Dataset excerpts
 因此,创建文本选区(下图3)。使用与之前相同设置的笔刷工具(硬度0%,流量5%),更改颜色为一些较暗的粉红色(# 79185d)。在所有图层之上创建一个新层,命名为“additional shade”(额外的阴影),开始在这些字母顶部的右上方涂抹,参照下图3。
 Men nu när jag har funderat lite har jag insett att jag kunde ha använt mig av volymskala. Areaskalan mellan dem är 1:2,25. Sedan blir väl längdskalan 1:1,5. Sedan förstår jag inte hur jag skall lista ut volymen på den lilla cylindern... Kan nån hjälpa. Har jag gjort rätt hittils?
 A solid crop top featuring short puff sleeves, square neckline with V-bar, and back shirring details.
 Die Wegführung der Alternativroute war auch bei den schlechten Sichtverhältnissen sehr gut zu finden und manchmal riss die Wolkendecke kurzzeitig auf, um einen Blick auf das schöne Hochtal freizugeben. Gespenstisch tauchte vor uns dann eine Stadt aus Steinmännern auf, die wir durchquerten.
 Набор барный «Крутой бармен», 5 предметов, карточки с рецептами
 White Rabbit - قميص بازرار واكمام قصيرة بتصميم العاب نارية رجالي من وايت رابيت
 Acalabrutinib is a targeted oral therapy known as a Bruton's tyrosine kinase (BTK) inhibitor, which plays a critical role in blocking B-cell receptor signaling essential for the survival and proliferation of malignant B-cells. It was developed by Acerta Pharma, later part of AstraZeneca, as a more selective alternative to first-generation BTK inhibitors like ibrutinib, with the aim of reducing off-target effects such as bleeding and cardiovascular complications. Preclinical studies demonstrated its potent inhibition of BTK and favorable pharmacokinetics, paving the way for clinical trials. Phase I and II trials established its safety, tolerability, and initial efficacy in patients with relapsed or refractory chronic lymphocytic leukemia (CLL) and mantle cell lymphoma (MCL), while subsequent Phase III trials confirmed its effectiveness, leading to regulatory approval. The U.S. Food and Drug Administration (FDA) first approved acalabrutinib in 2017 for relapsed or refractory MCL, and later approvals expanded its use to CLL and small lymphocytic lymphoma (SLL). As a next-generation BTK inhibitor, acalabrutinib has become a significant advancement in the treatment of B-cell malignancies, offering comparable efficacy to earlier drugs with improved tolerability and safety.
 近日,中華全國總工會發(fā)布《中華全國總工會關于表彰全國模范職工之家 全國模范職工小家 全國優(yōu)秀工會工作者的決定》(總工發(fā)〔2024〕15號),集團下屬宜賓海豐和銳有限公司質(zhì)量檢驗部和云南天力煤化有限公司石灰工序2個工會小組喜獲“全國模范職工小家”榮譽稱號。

...

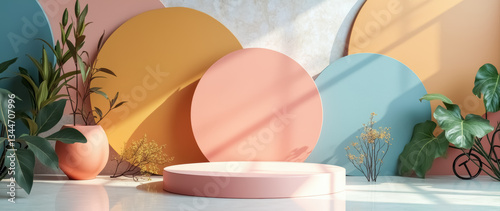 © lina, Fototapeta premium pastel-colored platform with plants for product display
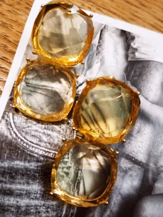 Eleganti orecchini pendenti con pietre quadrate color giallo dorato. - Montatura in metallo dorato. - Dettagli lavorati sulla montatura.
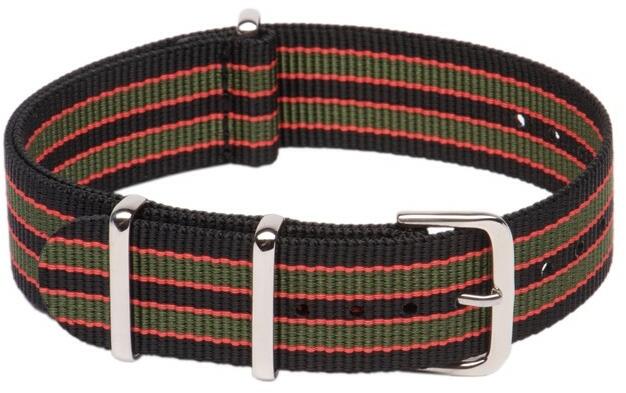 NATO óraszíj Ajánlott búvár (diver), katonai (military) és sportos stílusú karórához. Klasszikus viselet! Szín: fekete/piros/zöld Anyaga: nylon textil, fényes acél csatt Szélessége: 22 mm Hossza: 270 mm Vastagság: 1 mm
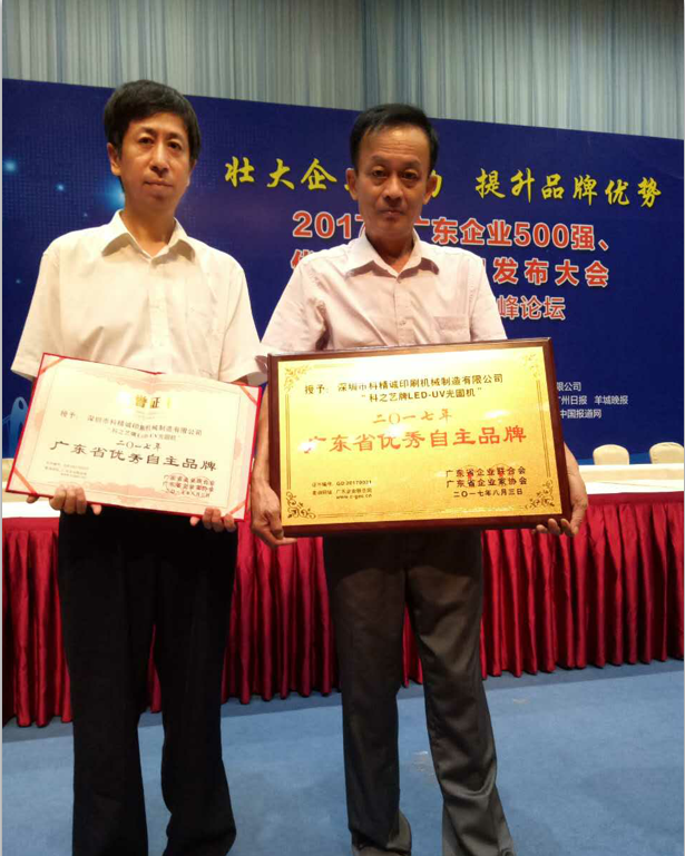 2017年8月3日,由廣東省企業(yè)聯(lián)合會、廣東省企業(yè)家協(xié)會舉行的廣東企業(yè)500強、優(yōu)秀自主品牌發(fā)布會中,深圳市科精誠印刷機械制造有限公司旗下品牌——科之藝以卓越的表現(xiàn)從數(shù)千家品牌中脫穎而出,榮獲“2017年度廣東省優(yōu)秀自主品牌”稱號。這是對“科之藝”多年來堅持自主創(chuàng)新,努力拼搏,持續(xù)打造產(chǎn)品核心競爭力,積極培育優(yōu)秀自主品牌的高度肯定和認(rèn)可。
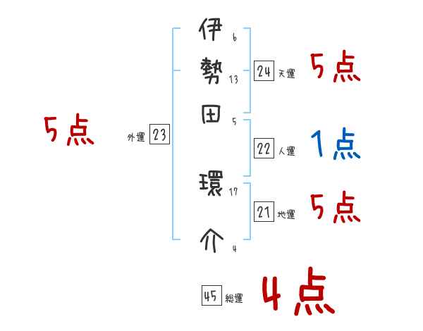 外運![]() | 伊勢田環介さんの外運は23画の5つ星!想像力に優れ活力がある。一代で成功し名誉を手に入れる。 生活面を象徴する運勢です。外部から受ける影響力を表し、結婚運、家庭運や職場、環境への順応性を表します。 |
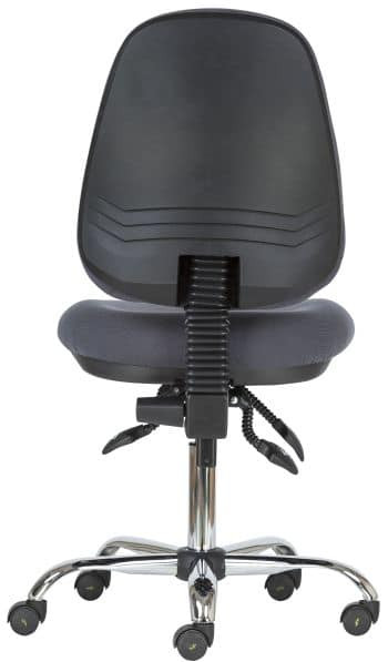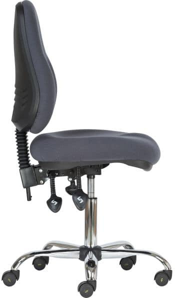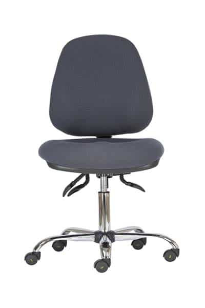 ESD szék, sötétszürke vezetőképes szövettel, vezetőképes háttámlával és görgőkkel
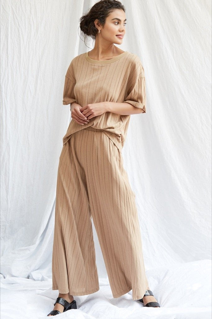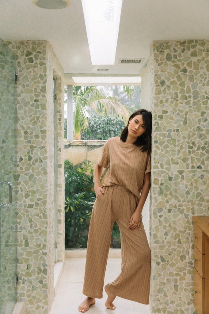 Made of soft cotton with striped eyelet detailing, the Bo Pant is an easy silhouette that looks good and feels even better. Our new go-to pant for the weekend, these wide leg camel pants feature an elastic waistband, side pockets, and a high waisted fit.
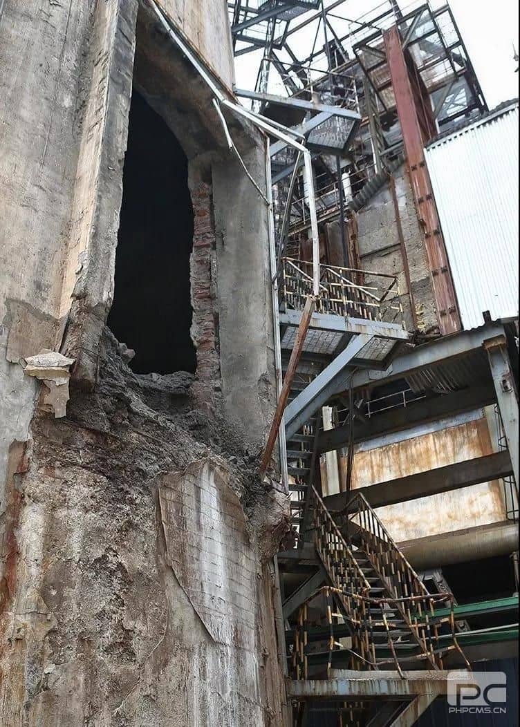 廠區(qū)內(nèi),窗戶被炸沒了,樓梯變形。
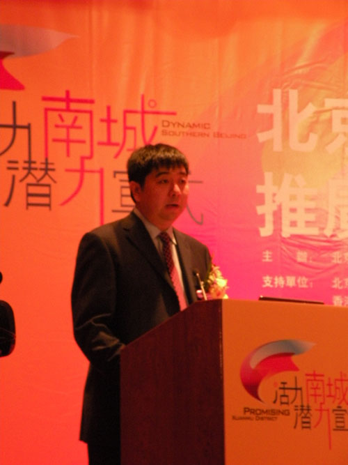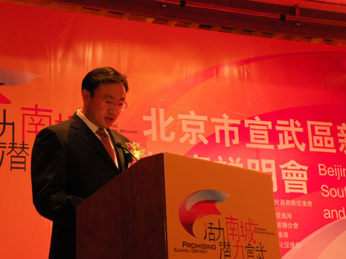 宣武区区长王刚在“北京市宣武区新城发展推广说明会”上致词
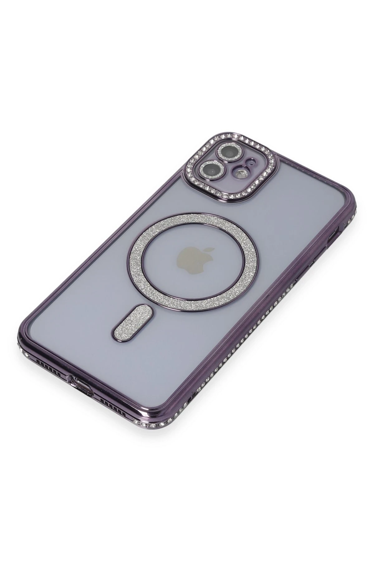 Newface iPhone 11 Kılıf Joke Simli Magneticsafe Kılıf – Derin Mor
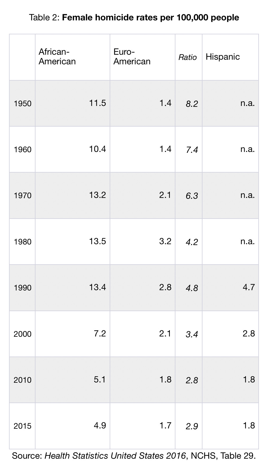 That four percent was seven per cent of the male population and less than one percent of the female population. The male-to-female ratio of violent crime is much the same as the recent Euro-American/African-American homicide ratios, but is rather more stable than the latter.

* **Work request**
Only the lines above from the line with "Die Wegführung der" to the line with "White Rabbit - قميص", those two lines included, should be reproduced exactly.

* **Answer section**
 Die Wegführung der Alternativroute war auch bei den schlechten Sichtverhältnissen sehr gut zu finden und manchmal riss die Wolkendecke kurzzeitig auf, um einen Blick auf das schöne Hochtal freizugeben. Gespenstisch tauchte vor uns dann eine Stadt aus Steinmännern auf, die wir durchquerten.
 Набор барный «Крутой бармен», 5 предметов, карточки с рецептами
 White Rabbit - قميص بازرار واكمام قصيرة بتصميم العاب نارية رجالي من وايت رابيت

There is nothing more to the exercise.